Just before Christmas the European Commission formally recognised the adequacy of
personal data protection in New Zealand, opening the way for increased
trade with the European Union. The NZ Office of the Privacy Commissioner (OPC) has been working for more than 10 years towards this outcome.
The EU’s 1995 Data Protection Directive states that personal data can be transferred to countries outside the EU
and the European Economic Area only when an adequate level of protection is guaranteed.
The Media Release announcing New Zealand adequacy listed other countries recognised by the EU as providing adequate protection:
Andorra, Argentina, Australia, Canada, Switzerland, Faeroe Islands, Guernsey, Israel, Isle of Man, Jersey and Uruguay and the United States’ Safe Harbor scheme
Australia?
For years it's been said here there had been no ruling, that the EU had not
granted Australia ‘adequacy status’ nor stated that Australia’s privacy
regime was
inadequate.
Maybe simply too much Ho, Ho, Ho at this time of the year in Brussels?

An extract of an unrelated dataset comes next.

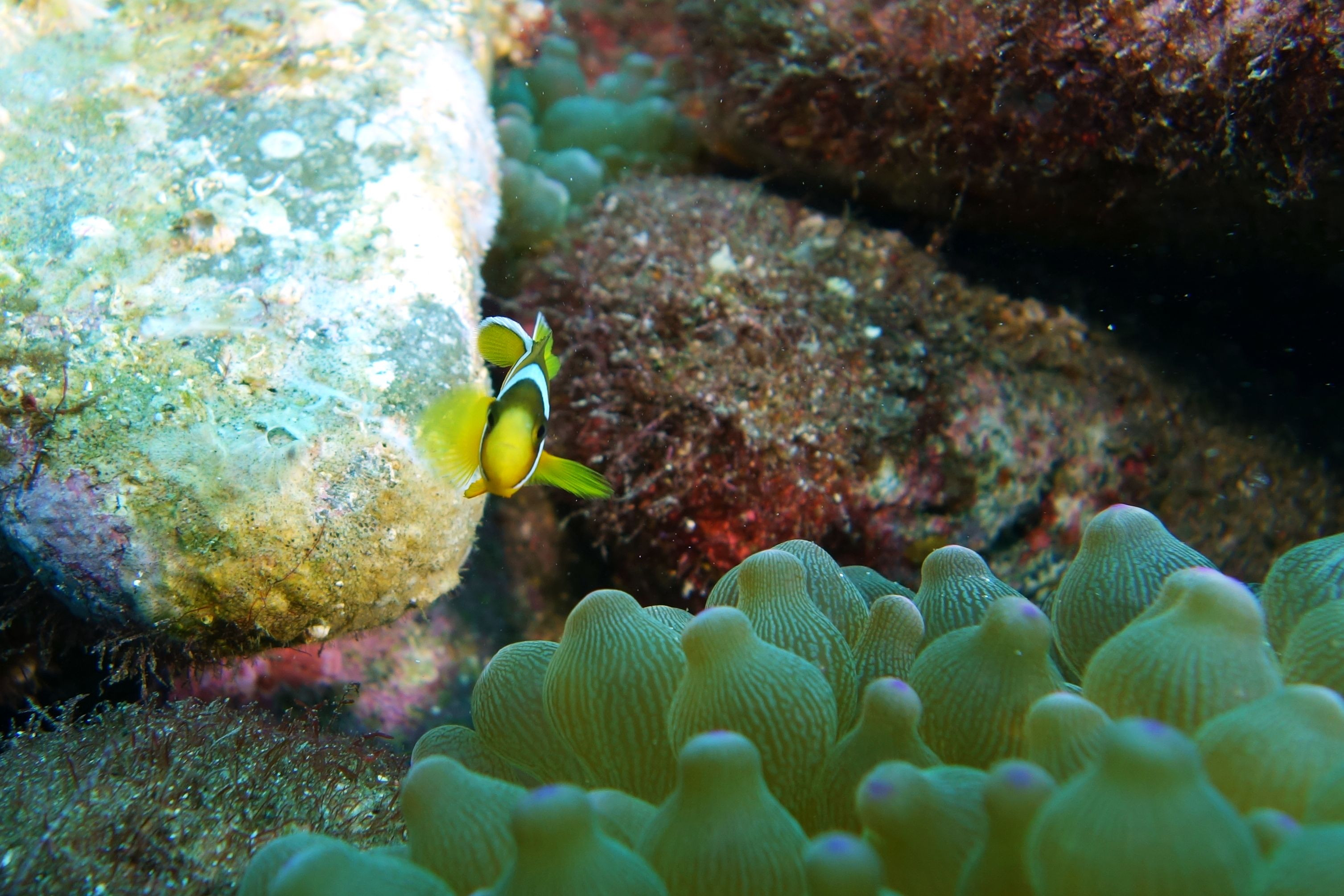 静岡県大瀬崎 10月30日撮影 先日、クマノミの産卵を投稿しましたが、あれから2ヶ月たった先日の日曜日、同じポイントへ潜った際、小さなクマノミを発見! 同じ卵じゃないにしても、無事生まれたのかな(^^) なんだかちょっとうれしくなりました。 正面向いた写真しか撮ってなかったので、いまいち分かりにくいかもですがw

There is no reference to recognition of Australian adequacy on the OAIC website.
While changes to the Privacy Act in 2004 and some of the recent amendments (still a long way from coming into force in May 2014) may have helped the cause, inadequacies cited in the ALRC 2008 report that have not been addressed include the small
business and employee records
exemptions
and, in the context of cross-border data flows, the development and
publication of a list of laws and binding schemes that effectively
uphold principles for
the fair handling of personal information.
Elsewhere in EU published material is this reference to an agreement between the EU and Australia on the processing and transfer of European Union-sourced passenger name
record (PNR) data by air carriers to the Australian Customs Service.
But no published opinion about the adequacy of Australia's privacy law along the lines of that issued for New Zealand and others.